╭─ Information supplied
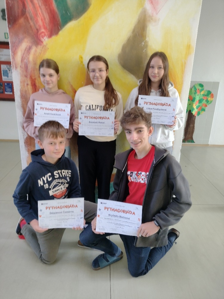 Ve dnech od 13. - 17. října proběhlo školní kolo Pythagoriády. Této matematické soutěže se zúčastnilo 102 žáků naší školy. Soutěž je určena pro žáky druhého stupně základních škol a odpovídajícím ročníkům víceletých gymnázií. Je rozdělena do čtyř kategorií - 6., 7., 8., a 9. ročník a skládá se ze dvou kol. V dalším okresním kole budou naši školu reprezentovat nejlepší řešitelé školního kola: A. Kaněčková (6. B), Š. Černý (6. A), A. Plaksii (7. B) a M. Burešová (7. B).
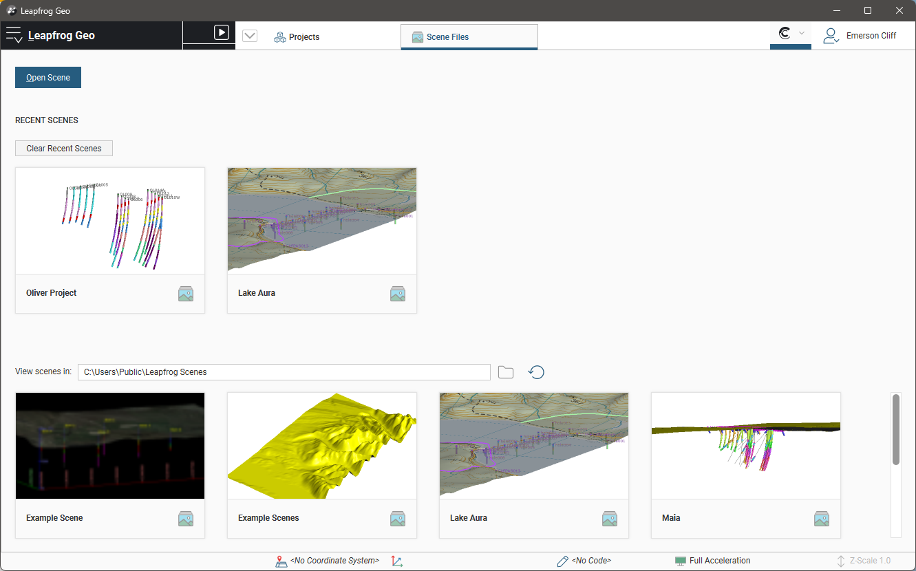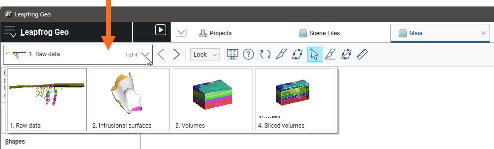 You can open Leapfrog Viewer scene files in Leapfrog Works by clicking on the Scene Files tab, then opening one of the scene files in the list.
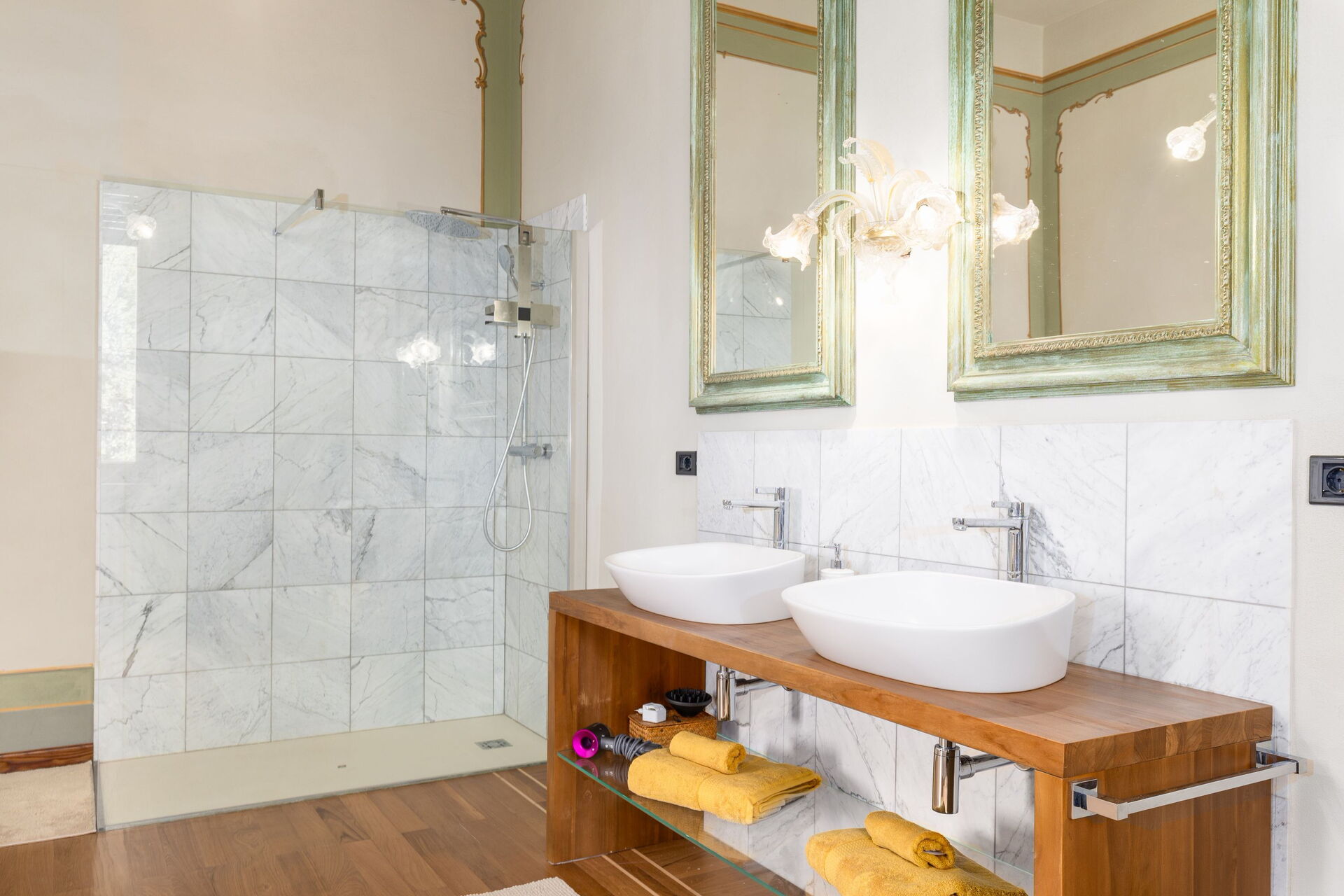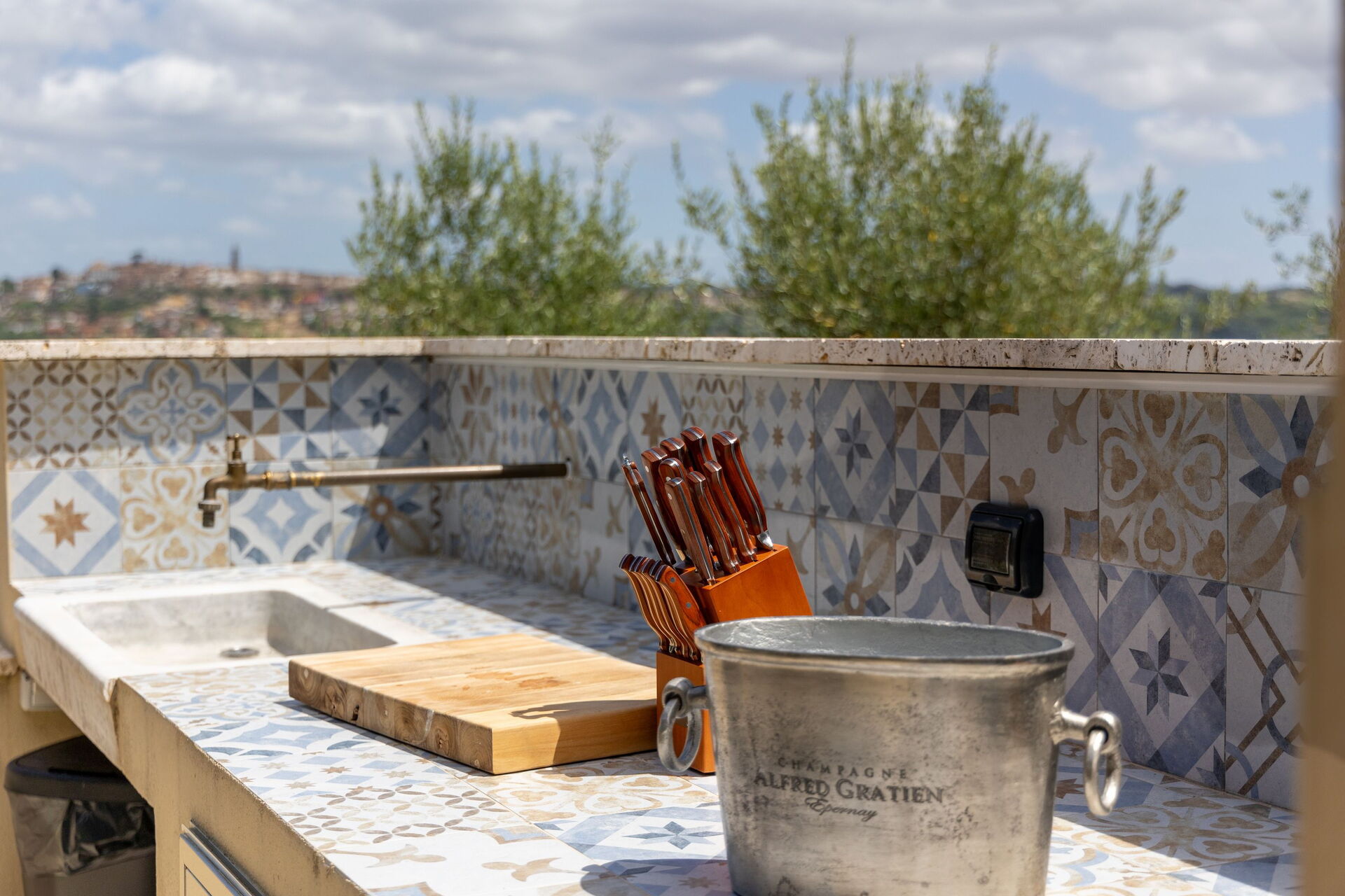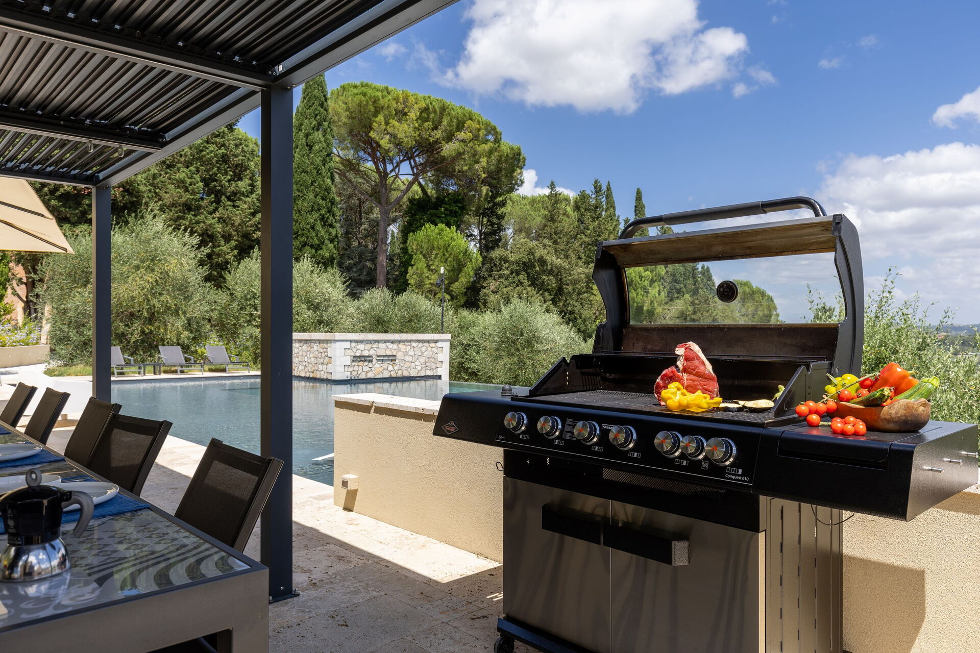 Een prachtig zonneterras van travertijn met ligstoelen en parasols omringt het infinity-zwembad, dat ook beschikt over een bubbelhoek en een waterval met chromotherapie. Dit is de perfecte plek om te ontspannen of af te koelen op zonnige zomerdagen met vrienden en familie. Gasten hebben ook toegang tot een barbecuegedeelte dat is uitgerust voor buitenmaaltijden.
╰─
▶ **Action item**
No pictures belong in the copy. Repeat the listing above exactly.

▶ **Answer to this exercise**
 Ve dnech od 13. - 17. října proběhlo školní kolo Pythagoriády. Této matematické soutěže se zúčastnilo 102 žáků naší školy. Soutěž je určena pro žáky druhého stupně základních škol a odpovídajícím ročníkům víceletých gymnázií. Je rozdělena do čtyř kategorií - 6., 7., 8., a 9. ročník a skládá se ze dvou kol. V dalším okresním kole budou naši školu reprezentovat nejlepší řešitelé školního kola: A. Kaněčková (6. B), Š. Černý (6. A), A. Plaksii (7. B) a M. Burešová (7. B).
 You can open Leapfrog Viewer scene files in Leapfrog Works by clicking on the Scene Files tab, then opening one of the scene files in the list.
 Een prachtig zonneterras van travertijn met ligstoelen en parasols omringt het infinity-zwembad, dat ook beschikt over een bubbelhoek en een waterval met chromotherapie. Dit is de perfecte plek om te ontspannen of af te koelen op zonnige zomerdagen met vrienden en familie. Gasten hebben ook toegang tot een barbecuegedeelte dat is uitgerust voor buitenmaaltijden.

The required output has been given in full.